▸ Required work
Give all the lines below again, exactly, with no pictures.

▸ Information provided
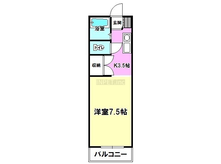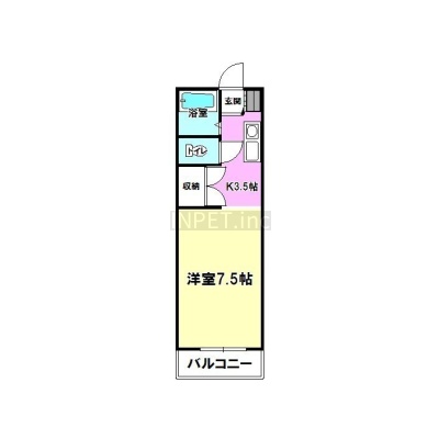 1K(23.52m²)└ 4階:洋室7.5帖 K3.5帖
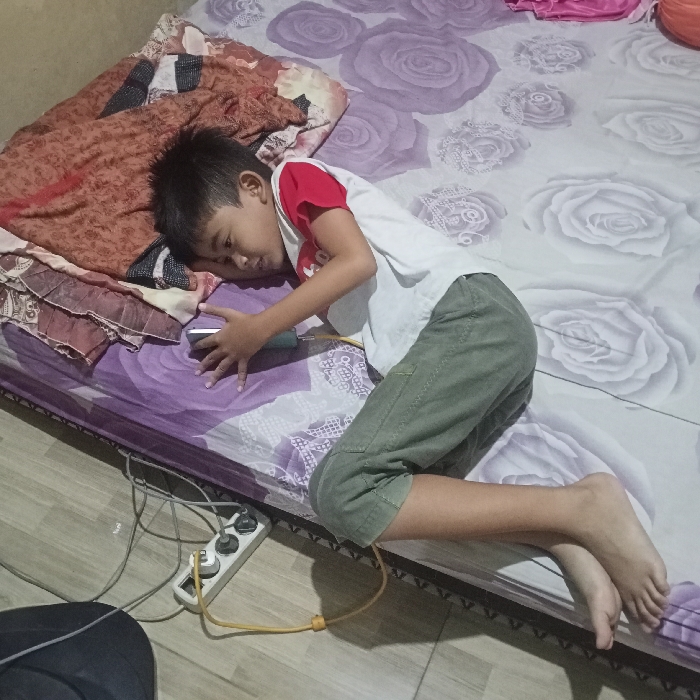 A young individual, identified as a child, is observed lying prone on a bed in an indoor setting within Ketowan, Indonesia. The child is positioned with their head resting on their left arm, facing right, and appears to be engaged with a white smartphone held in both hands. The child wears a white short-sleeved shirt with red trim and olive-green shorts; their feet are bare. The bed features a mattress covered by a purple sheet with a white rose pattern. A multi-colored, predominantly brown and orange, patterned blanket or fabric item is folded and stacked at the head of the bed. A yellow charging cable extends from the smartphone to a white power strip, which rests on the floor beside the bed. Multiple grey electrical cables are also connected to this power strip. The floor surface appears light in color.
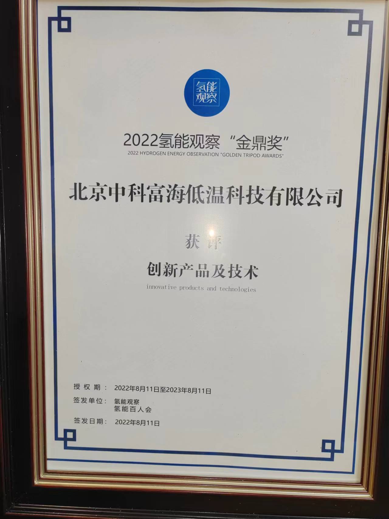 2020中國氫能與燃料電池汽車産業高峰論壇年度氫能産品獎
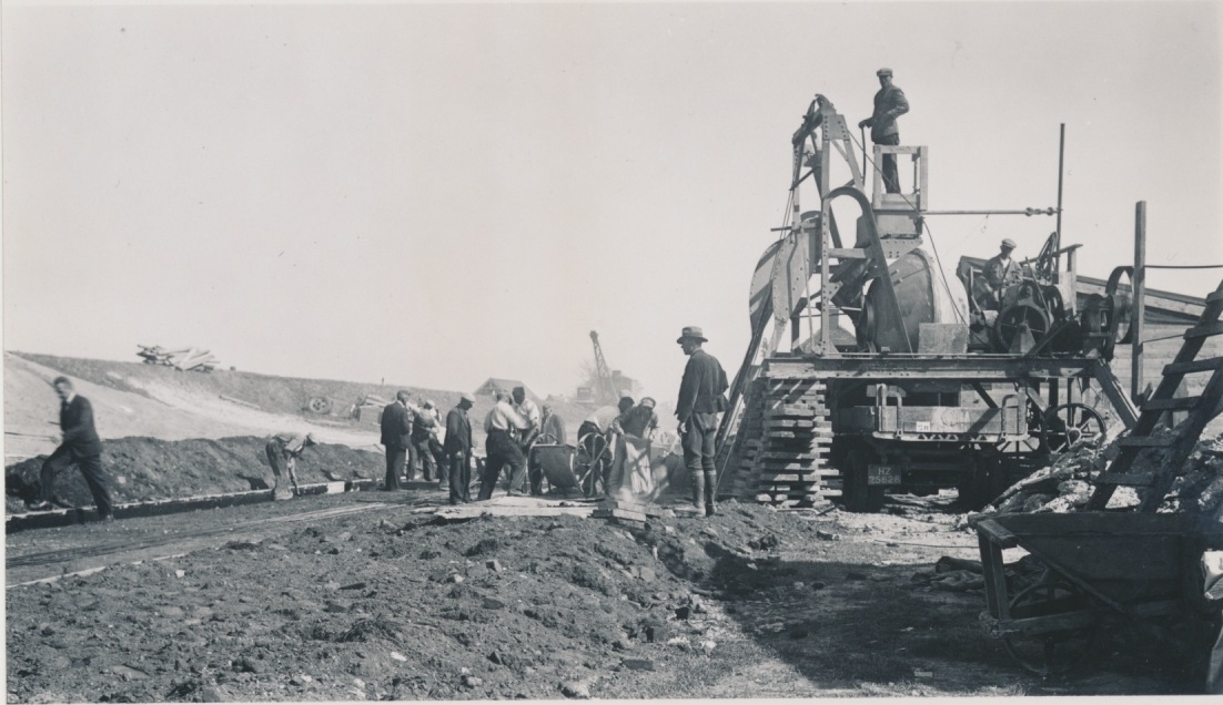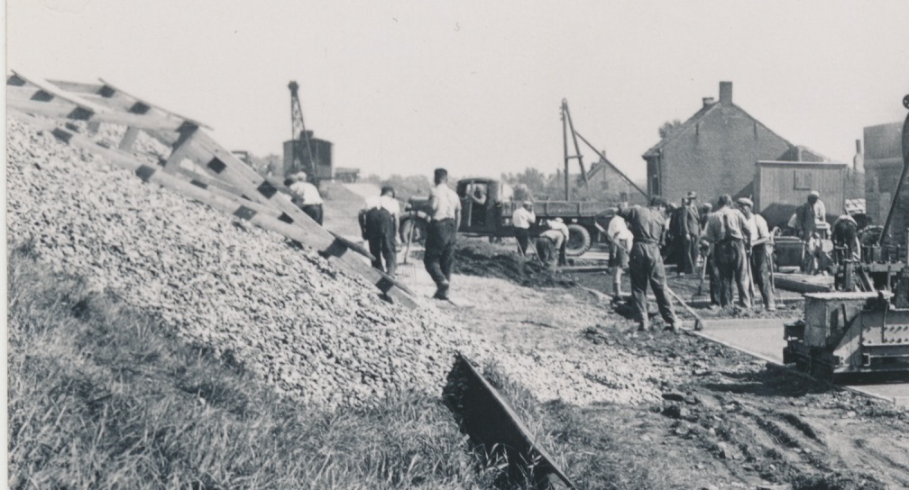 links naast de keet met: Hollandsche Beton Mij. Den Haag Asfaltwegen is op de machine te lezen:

▸ Output of the task
 1K(23.52m²)└ 4階:洋室7.5帖 K3.5帖
 A young individual, identified as a child, is observed lying prone on a bed in an indoor setting within Ketowan, Indonesia. The child is positioned with their head resting on their left arm, facing right, and appears to be engaged with a white smartphone held in both hands. The child wears a white short-sleeved shirt with red trim and olive-green shorts; their feet are bare. The bed features a mattress covered by a purple sheet with a white rose pattern. A multi-colored, predominantly brown and orange, patterned blanket or fabric item is folded and stacked at the head of the bed. A yellow charging cable extends from the smartphone to a white power strip, which rests on the floor beside the bed. Multiple grey electrical cables are also connected to this power strip. The floor surface appears light in color.
 2020中國氫能與燃料電池汽車産業高峰論壇年度氫能産品獎
 links naast de keet met: Hollandsche Beton Mij. Den Haag Asfaltwegen is op de machine te lezen:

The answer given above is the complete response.